■ **Your assignment**: Go to the line below that has "FixnZip (Medium, Nickel)", print it and each line after it exactly, and stop after the line that has "This example is"; leave out pictures.

■ **Collected data entries**:
********

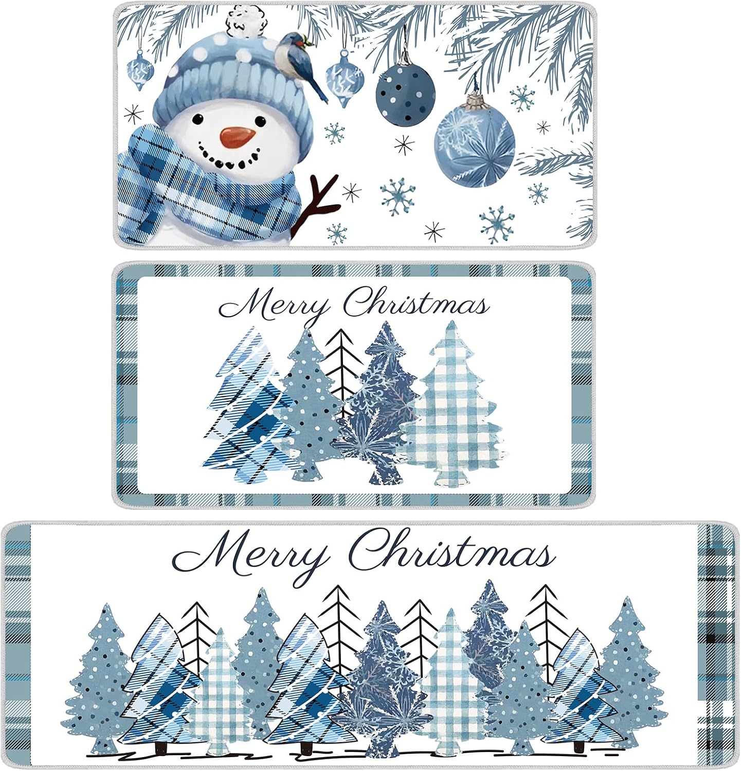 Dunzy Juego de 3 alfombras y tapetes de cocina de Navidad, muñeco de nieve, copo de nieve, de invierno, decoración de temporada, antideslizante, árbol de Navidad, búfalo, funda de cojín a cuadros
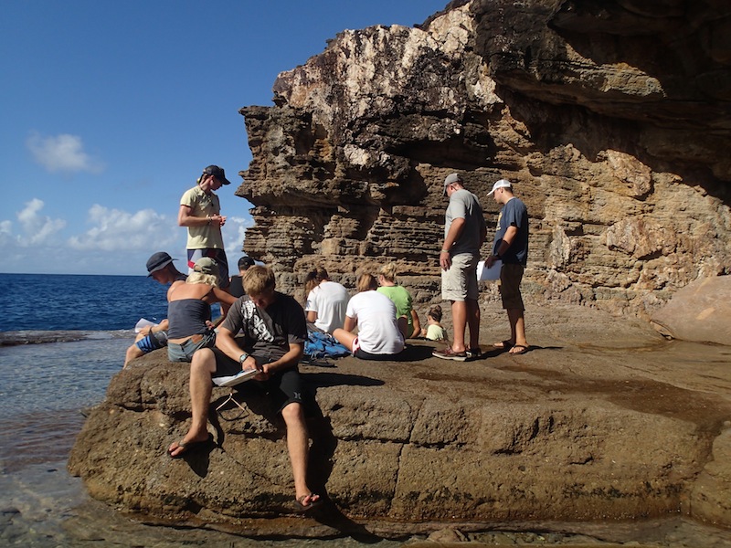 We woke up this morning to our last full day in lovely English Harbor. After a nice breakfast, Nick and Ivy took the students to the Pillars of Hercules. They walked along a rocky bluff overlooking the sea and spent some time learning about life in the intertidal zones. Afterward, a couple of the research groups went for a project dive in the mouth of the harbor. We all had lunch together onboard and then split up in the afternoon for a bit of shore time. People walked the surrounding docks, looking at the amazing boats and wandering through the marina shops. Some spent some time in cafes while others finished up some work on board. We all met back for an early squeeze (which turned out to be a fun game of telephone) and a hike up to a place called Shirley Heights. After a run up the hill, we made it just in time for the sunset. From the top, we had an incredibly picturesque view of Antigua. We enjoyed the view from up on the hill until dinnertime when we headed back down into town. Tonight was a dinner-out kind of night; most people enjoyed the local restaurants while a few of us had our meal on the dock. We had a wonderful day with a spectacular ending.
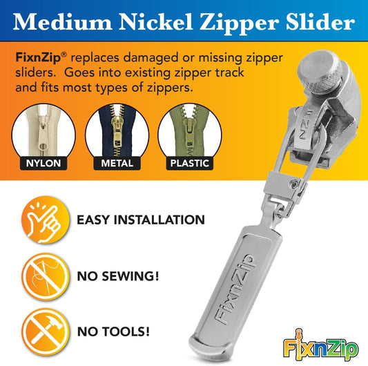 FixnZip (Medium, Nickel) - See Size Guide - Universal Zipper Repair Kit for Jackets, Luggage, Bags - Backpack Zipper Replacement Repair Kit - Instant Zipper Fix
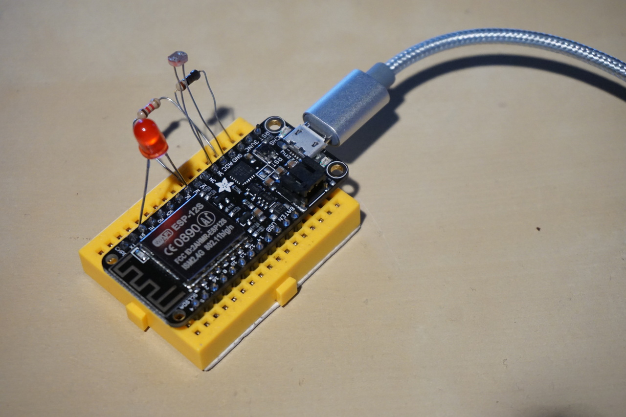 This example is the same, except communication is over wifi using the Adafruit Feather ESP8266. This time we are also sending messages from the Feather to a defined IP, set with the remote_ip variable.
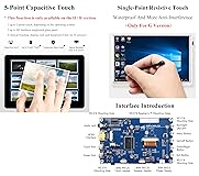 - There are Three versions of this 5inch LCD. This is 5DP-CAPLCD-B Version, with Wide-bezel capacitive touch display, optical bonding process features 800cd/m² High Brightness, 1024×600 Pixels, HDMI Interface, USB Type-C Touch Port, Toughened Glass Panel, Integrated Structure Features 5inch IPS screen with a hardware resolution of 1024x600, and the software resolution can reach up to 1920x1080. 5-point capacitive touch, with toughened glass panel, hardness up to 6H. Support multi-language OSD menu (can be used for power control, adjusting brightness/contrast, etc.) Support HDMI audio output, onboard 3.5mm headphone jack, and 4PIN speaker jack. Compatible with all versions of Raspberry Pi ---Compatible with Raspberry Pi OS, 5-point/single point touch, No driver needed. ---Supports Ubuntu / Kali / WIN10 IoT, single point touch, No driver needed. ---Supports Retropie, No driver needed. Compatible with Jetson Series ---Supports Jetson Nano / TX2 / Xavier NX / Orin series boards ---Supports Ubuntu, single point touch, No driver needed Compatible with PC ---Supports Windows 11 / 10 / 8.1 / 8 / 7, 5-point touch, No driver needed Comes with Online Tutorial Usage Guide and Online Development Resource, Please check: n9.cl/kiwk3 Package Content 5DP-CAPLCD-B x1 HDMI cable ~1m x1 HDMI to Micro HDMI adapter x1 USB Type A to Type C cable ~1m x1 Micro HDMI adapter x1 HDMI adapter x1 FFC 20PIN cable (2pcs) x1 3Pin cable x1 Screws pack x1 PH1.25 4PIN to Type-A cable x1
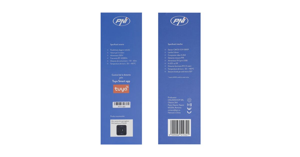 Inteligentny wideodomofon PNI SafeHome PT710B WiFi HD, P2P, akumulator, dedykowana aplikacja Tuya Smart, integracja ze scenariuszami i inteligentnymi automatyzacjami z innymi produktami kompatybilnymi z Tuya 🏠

********

■ **Answer space**:
 FixnZip (Medium, Nickel) - See Size Guide - Universal Zipper Repair Kit for Jackets, Luggage, Bags - Backpack Zipper Replacement Repair Kit - Instant Zipper Fix
 This example is the same, except communication is over wifi using the Adafruit Feather ESP8266. This time we are also sending messages from the Feather to a defined IP, set with the remote_ip variable.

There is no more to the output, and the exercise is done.